- _What is expected_
The expected output is the full data, repeated exactly, without pictures.

═════ Extracted records

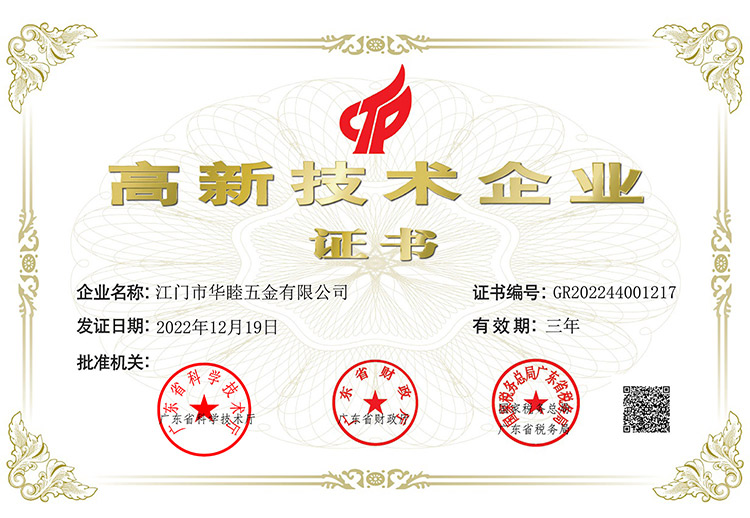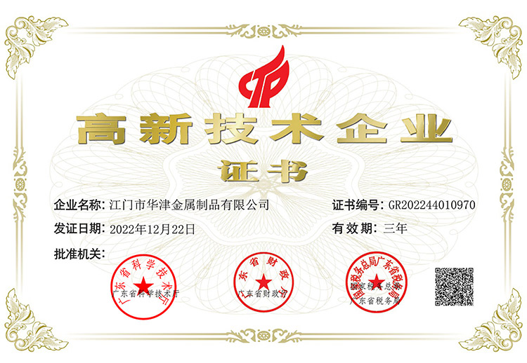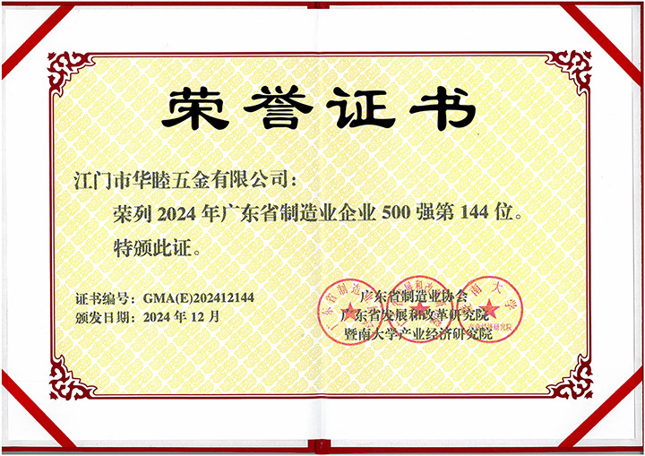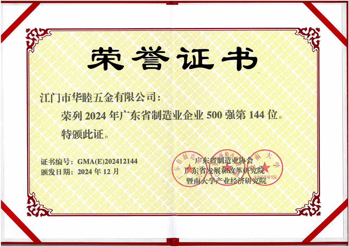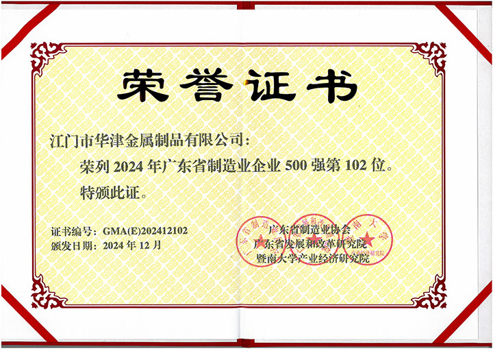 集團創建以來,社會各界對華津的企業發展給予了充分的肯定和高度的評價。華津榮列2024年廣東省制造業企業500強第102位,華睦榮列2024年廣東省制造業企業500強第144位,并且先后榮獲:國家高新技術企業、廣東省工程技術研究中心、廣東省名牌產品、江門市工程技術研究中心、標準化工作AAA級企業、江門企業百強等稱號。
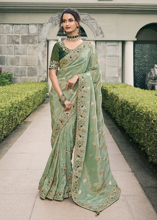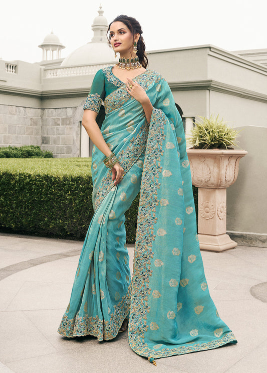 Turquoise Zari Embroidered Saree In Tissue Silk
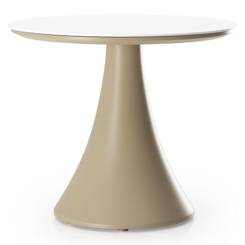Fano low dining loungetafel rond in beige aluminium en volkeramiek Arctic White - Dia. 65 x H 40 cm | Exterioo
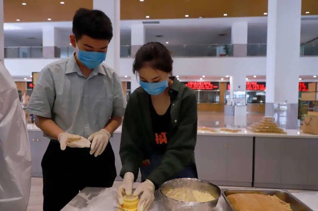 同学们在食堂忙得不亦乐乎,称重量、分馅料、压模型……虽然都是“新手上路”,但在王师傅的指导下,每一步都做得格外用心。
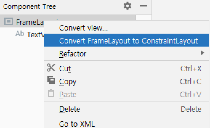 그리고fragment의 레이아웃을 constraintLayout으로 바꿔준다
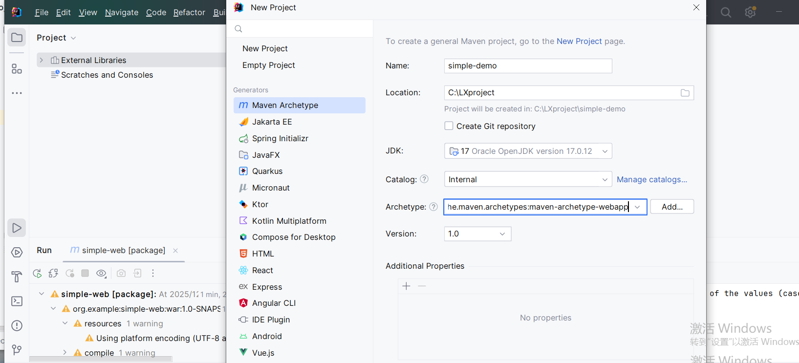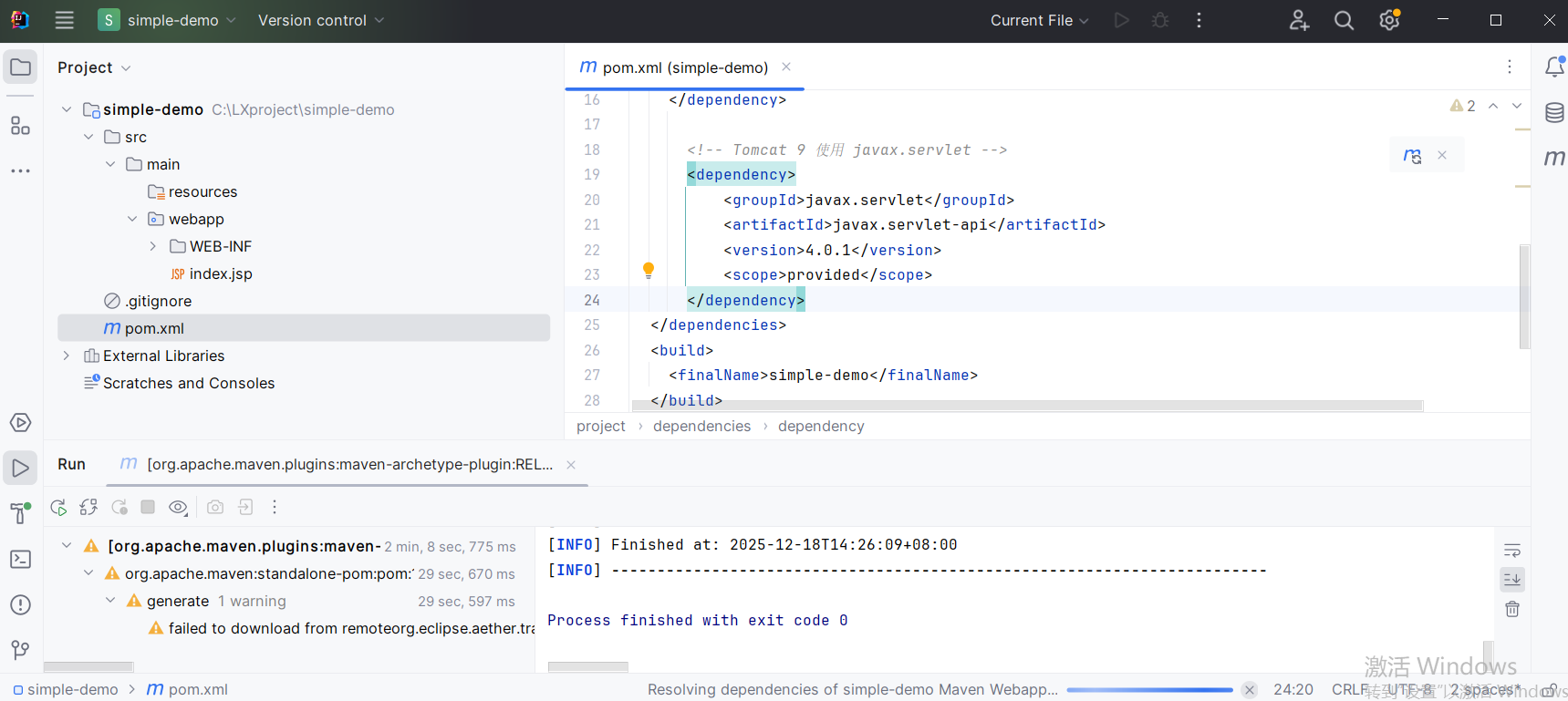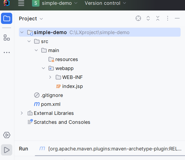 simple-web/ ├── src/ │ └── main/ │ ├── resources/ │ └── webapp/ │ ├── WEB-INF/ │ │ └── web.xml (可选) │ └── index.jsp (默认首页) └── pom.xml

══════════

- _Exercise solution_
 集團創建以來,社會各界對華津的企業發展給予了充分的肯定和高度的評價。華津榮列2024年廣東省制造業企業500強第102位,華睦榮列2024年廣東省制造業企業500強第144位,并且先后榮獲:國家高新技術企業、廣東省工程技術研究中心、廣東省名牌產品、江門市工程技術研究中心、標準化工作AAA級企業、江門企業百強等稱號。
 Turquoise Zari Embroidered Saree In Tissue Silk
Fano low dining loungetafel rond in beige aluminium en volkeramiek Arctic White - Dia. 65 x H 40 cm | Exterioo
 同学们在食堂忙得不亦乐乎,称重量、分馅料、压模型……虽然都是“新手上路”,但在王师傅的指导下,每一步都做得格外用心。
 그리고fragment의 레이아웃을 constraintLayout으로 바꿔준다
 simple-web/ ├── src/ │ └── main/ │ ├── resources/ │ └── webapp/ │ ├── WEB-INF/ │ │ └── web.xml (可选) │ └── index.jsp (默认首页) └── pom.xml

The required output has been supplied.